Error Messages Written During Installation

Error Messages Written During Manual Installation


[nhcmm] /etc/opt/SUNWcgha/not_configured present => no action taken

  The installation or configuration process has failed.
[nhwdt] /etc/opt/SUNWcgha/not_configured present => no action taken

  The installation or configuration process has failed.

Error Messages Written During Installation Using the nhinstall Tool

The nhinstall tool is a script that runs a series of commands. If the nhinstall tool encounters an error during the installation, it issues a message to the console and stops. The error message indicates which command has failed. If the failing command is a Solaris command, the nhinstall tool indicates which Solaris command has failed. The nhinstall tool does not produce its own error messages.

When the nhinstall tool encounters an error, it does not continue to search for other errors. You must fix the error, then relaunch the nhinstall tool from the point at which it failed. If the nhinstall tool encounters another error, it stops again.


Error Messages Written During Run Time

Error Messages Written by the Cluster Membership Manager


[%s] port undefined in /etc/services

  Confirm that the nhfs.conf and cluster_nodes_table files are correctly configured. See the man pages in the Netra High Availability Suite 3.0 1/08 Foundation Services Reference Manual.

[%s/%s] port undefined in /etc/services

  Confirm that the nhfs.conf and cluster_nodes_table files are correctly configured. See the man pages in the Netra High Availability Suite 3.0 1/08 Foundation Services Reference Manual

Another CMM is running => exit

  A second instance of the nhcmmd daemon attempted to start on the node.

[Config] %s does not exist, could not recreate %s

  A cluster configuration file or its backup is missing.
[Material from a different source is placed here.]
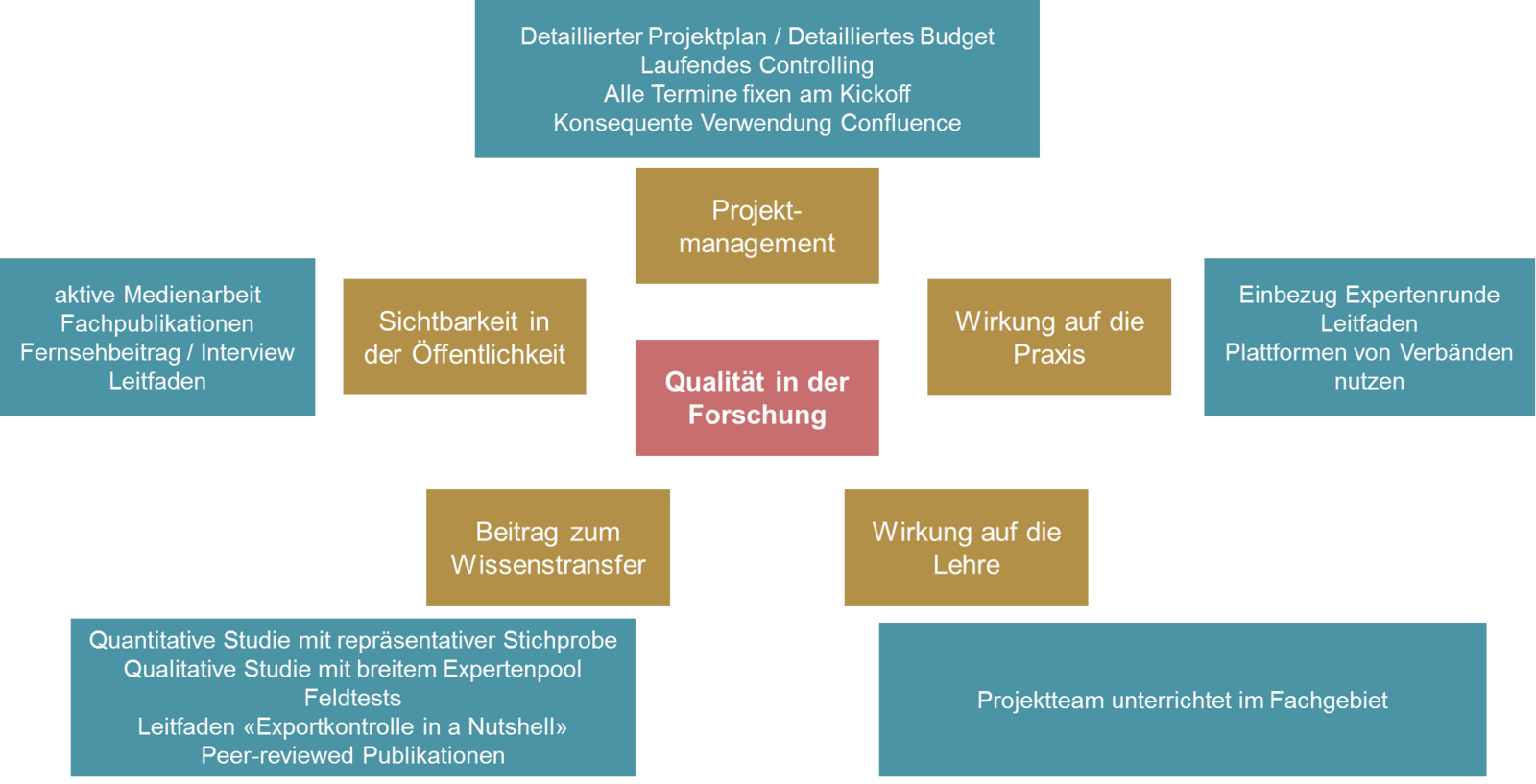 Am Beispiel des Innosuisse-Projekts «Exportkontrolle» wurde aufgezeigt, wie die Qualitätsdimensionen eines Forschungsprojekts konsequent adressiert und umgesetzt werden. Der Erfolg, der diesem Projekt durch die Projektpartner, die Mitglieder der Expertenrunde sowie durch Unternehmen, die nicht am Projekt beteiligt waren, schon vor Ende des Projekts wiederholt attestiert wurde, verdeutlicht die Wirksamkeit dieser konsequenten Projektarbeit.
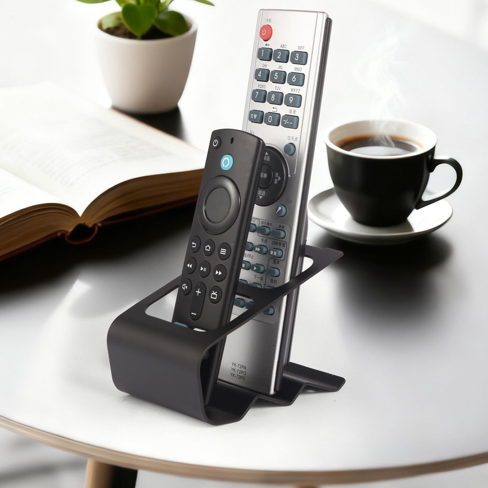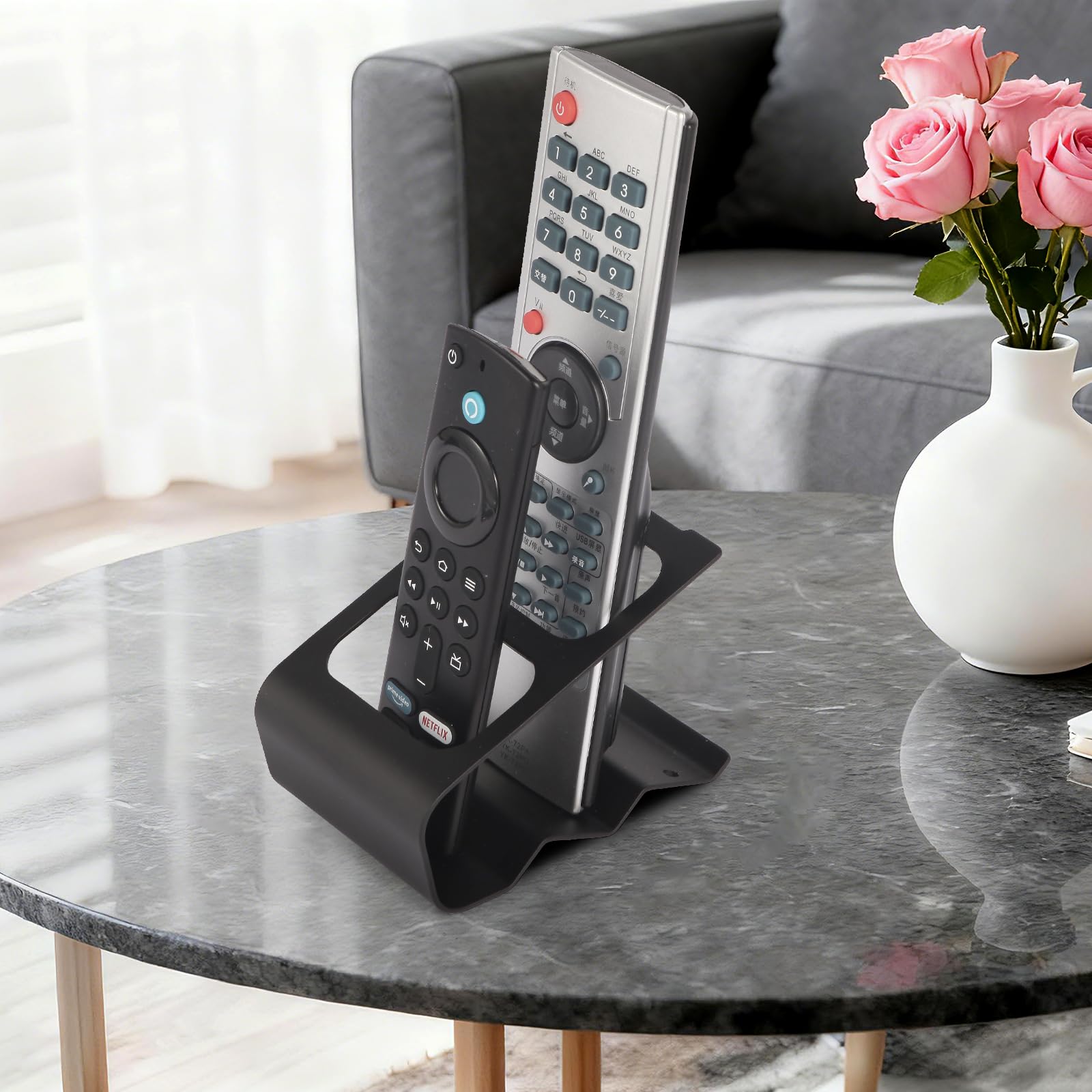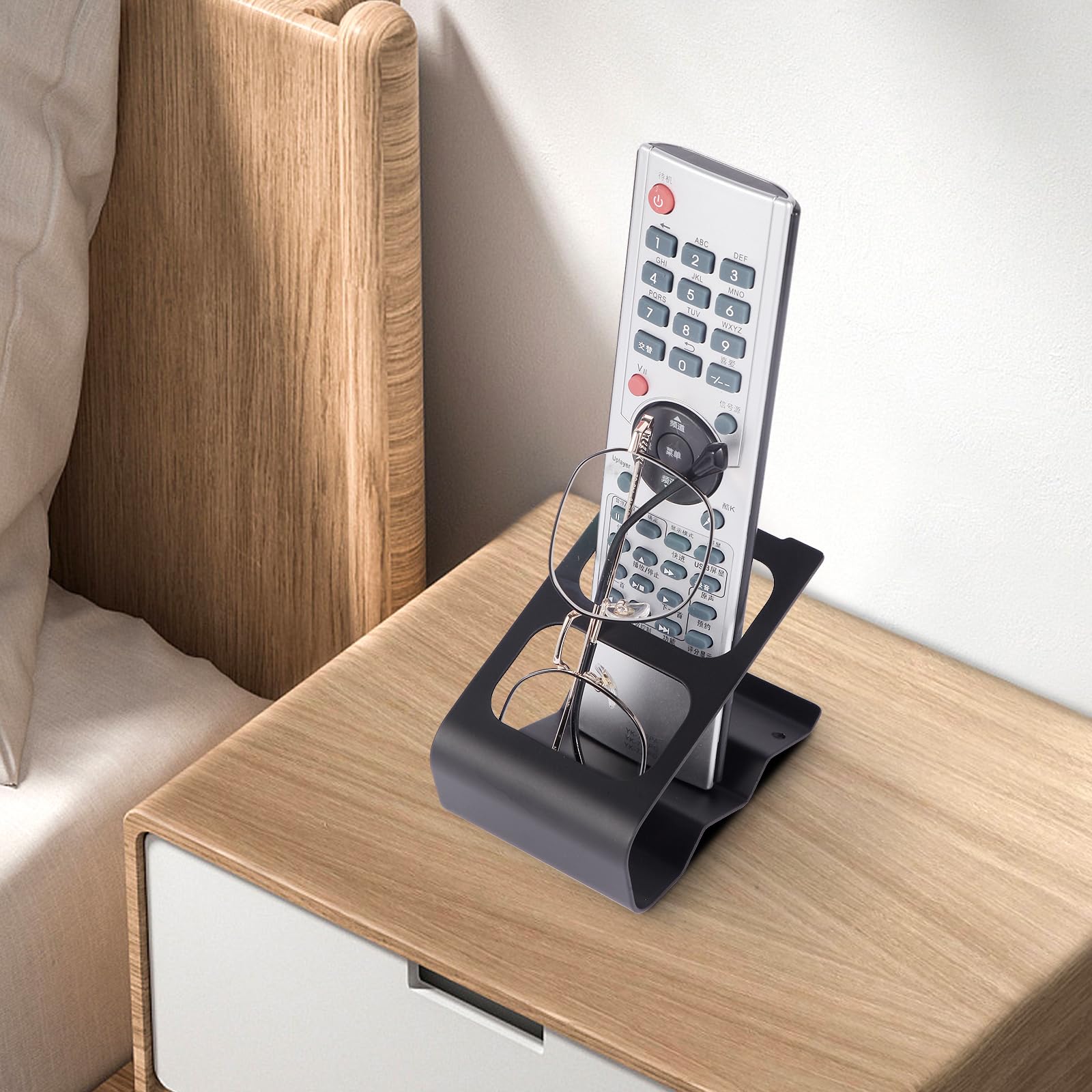 KAIXUANMAN リモコン 収納 卓上 おしゃれ リモコンホルダー 金属 しっかり 頑丈 小物入れ 便利 テーブル 2格仕切り 滑り止めシート付き ブラック

The file cannot be created. Confirm that the directory in which the file should exist has the correct access permissions.

[Config] Could not initialize Cluster nodes table (local)

  Confirm that the cluster_nodes_table file is correctly configured. See the cluster_nodes_table4 man page.

[Config] Could not initialize Cluster nodes table (NFS)

  Confirm that the cluster_nodes_table file is correctly configured. See the cluster_nodes_table4 man page.

[Config] Could not initialize minimal config

  Confirm that the target.conf file is correctly configured. See the target.conf4 man page.

[Config] Could not load backup configuration file

  A cluster configuration file or its backup is missing. The file cannot be created. Confirm that the directory in which the file should exist has the correct access permissions.

[Config] Could not read Cluster nodes table

  Investigate whether the cluster_nodes_table file is missing or inaccessible.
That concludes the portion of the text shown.